Many women report that ADHD symptoms get worse in the luteal phase. Many report a wave of severe symptom worsening in perimenopause that is sometimes mistaken for early cognitive decline. Many find that postpartum is the period when symptoms become unmanageable for the first time, often because the structure that hid them has collapsed under sleep deprivation and new demands.

PMDD, which involves severe premenstrual emotional and physical symptoms, has elevated rates of co-occurrence with ADHD. The two are often treated separately when integrated treatment would be more effective.

Pregnancy, postpartum, and the second shift

Neurodivergent pregnancy and postpartum involve specific challenges that are often invisible. Sensory changes. Decisions about medication. Identity shifts that hit harder when you already had a complicated relationship with the version of yourself that was working. Postpartum executive function load that exceeds what you have available, even if you previously managed.
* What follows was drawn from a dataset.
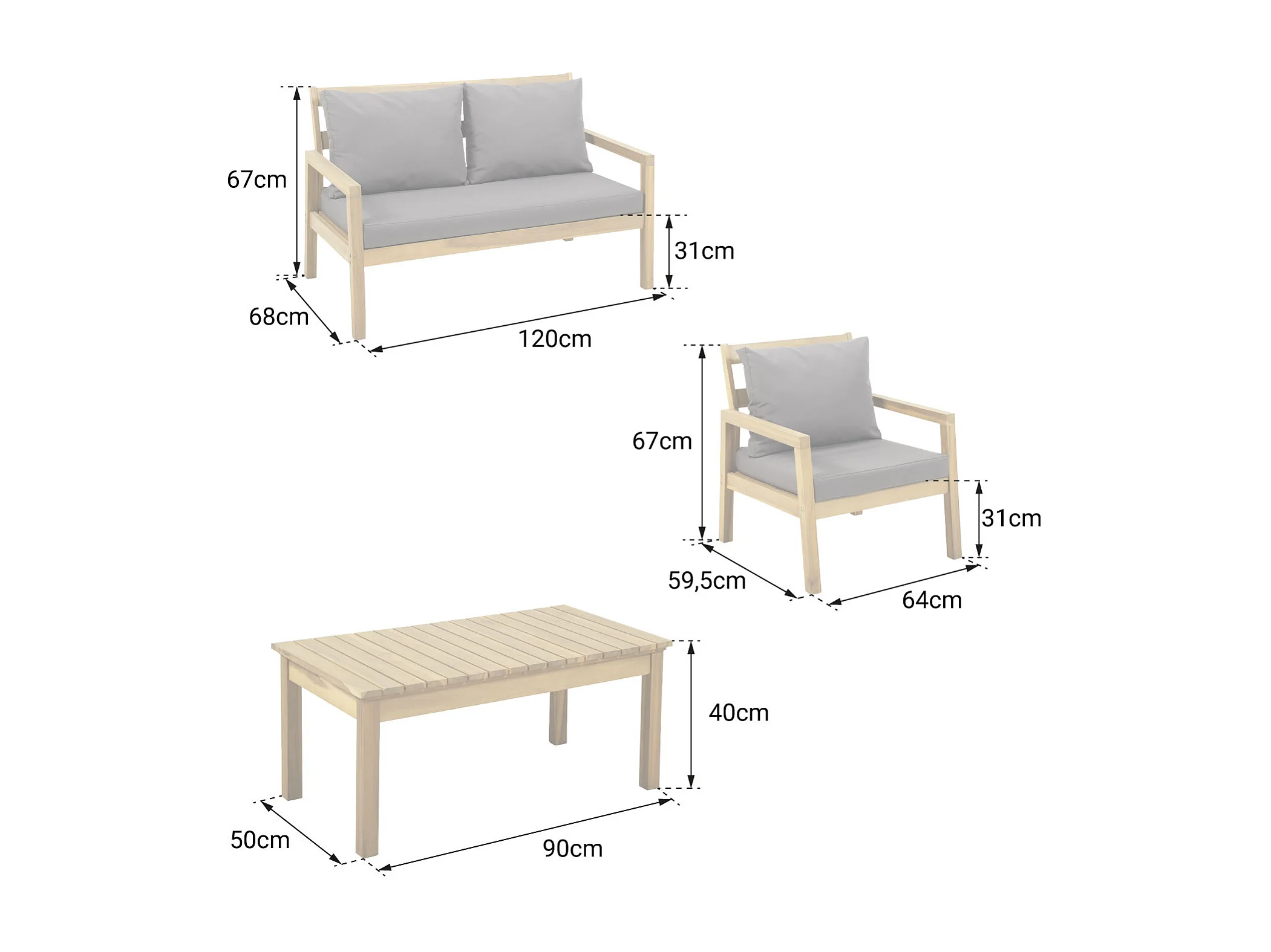 Acacia ARUBA tuinset 4 zits - grijze kussens

The invisible labor of running a household tends to fall disproportionately on women, and the executive function demand of that labor is enormous. Tracking schedules, anticipating needs, managing logistics, remembering birthdays, and maintaining the emotional temperature of a household are textbook executive function tasks. For neurodivergent women, this load is often the thing that pushes them into burnout first.

Eating, body, and the overlap

There is a meaningful and underrecognized overlap between eating disorders and neurodivergence in women. ARFID (sensory-based food avoidance) often co-occurs with autism. Binge eating patterns often co-occur with ADHD. Restrictive eating sometimes serves a regulation function in autistic women that is not captured by the standard eating disorder framework.

Treating the eating disorder without recognizing the underlying neurodivergence often leads to incomplete recovery and high relapse rates.

A more honest closing

If you are reading this and recognizing yourself or a girl or woman in your life, sit with that for a minute before you reach for a label. Notice where the masking has been heaviest. Notice when symptoms intensify in relation to hormones, sleep, or workload. Notice the gap between how put-together you appear and how exhausted you actually are.

Women and AFAB people with ADHD and autism often bring deep empathy, sharp pattern recognition, creative thinking, and the kind of resourcefulness that comes from a lifetime of figuring out how to fit. Those qualities are real. They are also not a substitute for accommodation, support, and accurate understanding of how your brain actually works.

If what you read here resonates, take that as a starting point, not a conclusion. Late-presenting ADHD and autism in women overlap with anxiety, depression, hormonal disorders, eating disorders, and complex trauma in ways that need careful clinical sorting. A 60-second video cannot do that. A real evaluation can, and the right read often changes everything.